There was a very long period while this was being done when there were blocs of vast numbers of people who had no occupation, and for whom occupation was made. This fact, too, is relevant to what follows.

Meanwhile, there were extraordinary and bizarre contradictions to be observed everywhere.

The idea of ourselves, not only on the Home Planet but everywhere, as people who had evolved beyond certain levels made it impossible for them to be asked to do some kinds of work.

I did not mention in the list of classes of work that had still to be done by people and not machines, some kinds of heavy manual labour, for which we had not found technical substitutes. Without using force, it was not possible to get any of our peoples to undertake these. In the early heady days of euphoria when we were so effortlessly and successfully – it seemed – surmounting every kind of technical obstacle, abolishing one by one the different classes of unpleasant and degrading work – so we called it – intensive propaganda had gone into adjusting and setting the minds of populations accordingly. When we reversed, or were prepared to adjust, our thinking, it was too late. It is easy for a skilled administrative class to change the ways of thinking of populations, but not easy to do it fast – not without all kinds of social upheaval. We found ourselves in the ludicrous situation where, with hundreds of millions of ‘surplus’ people, we did not know where to find enough ordinary labourers.

We had evolved beyond using force: Canopus had shown us this path long ago. (By this I mean the use of larger numbers of people, under duress, for tasks they found abhorrent or demeaning. This did not mean that we did not conscript for work that everyone agreed to find interesting – such as the Colonial Service.) It was not possible for us simply to round up the numbers we needed for mining, quarrying, building and so on, and then turn them into a prison population to do society’s dirty work.

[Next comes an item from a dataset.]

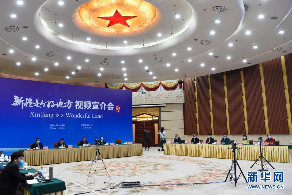 这是3月26日拍摄的“新疆是个好地方”视频宣介会现场。新华社记者 丁磊 摄
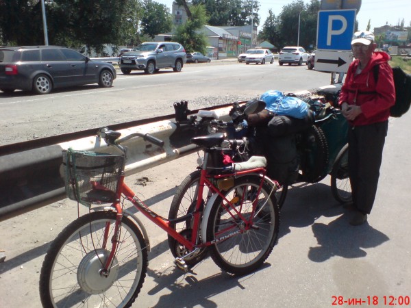 Итак, выскочил сегодня по делам и вижу такой аппарат! Дядька неразговорчивый, если бы я подъехал не на электровеле - может быть и не разговорил бы вообще! Держит путь из Херсона в Монголию! Говорит что не в первой. Уже были трипы Херсон-РБ-Херсон и Херсон-Европа_херсон. Движок точь-в-точь как у меня электра 500Вт, но сзади стоит еще один - вроде как не подключен для экономии, резервный. так сказать... Батарейка 44Ач, по европейским дорогам вполне хватало на 150км, сейчас по нашим буеракам рассчитывает на 100-110км. Заряжается на заправках, говорит что 44Ач заряжает на 100% менее чем за 3ч. Спит в палатке.

In the preceding remarks to do with our condition during that time, I have not yet done more than mention the space drive, which was the greater part of our development – indeed, the motor that governed all our technical development.

Our crisis had its own built-in solution from the beginning. It was to increase our space fleets, our space personnel, our programme for the conquest of space. Our situation was not a static one, not self-limited. Though it certainly did have its limits: the war with Canopus was a result of this sudden restless drive outwards. The devastation caused, the vast numbers killed, certainly solved, or postponed, some problems. I am speaking now dispassionately, and without submission to sentimental considerations: it had not been our intention to use this way of reducing our surplus populations – but that was the result; not our intention to ruin whole planets, so that much labour would be needed to repair them – but that was what happened. These were the facts. But the inherent productivity and resources of our Empire were such that all this damage was soon and easily – looking at it from a long-term view – put right. The real lesson of this war was that we were not to be allowed to trespass on Canopean territory. Certain parts of the Galaxy were out of bounds. This meant that the planets available to us, at our then level of technical achievement, were limited: we had already conquered, or at least surveyed, them all. What was necessary was an expansion of our space technology so that greater areas of the Galaxy would become open to us. This is what happened; but this story does not concern us here: only the aspects of it that help to make clear the general situation then, which was, to sum up: a deep and indeed permanent and incurable crisis due to technical mastery, which could be alleviated only by a continuous expansion in space.

I have now said enough to set the background to our experiments on Rohanda – which of course was only one of the planets being used in this way.

There are very few biosociological experiments that are not the result of natural development; whether they are set up deliberately or merely monitored as they unfold. Our first on Rohanda was imposed on us by necessity throughout and came definitely into the category of those that are observed during changes imposed by extraneous pressures.

I am starting with the Lombis, not because it was the first experiment but because it had long-term effects on the planet.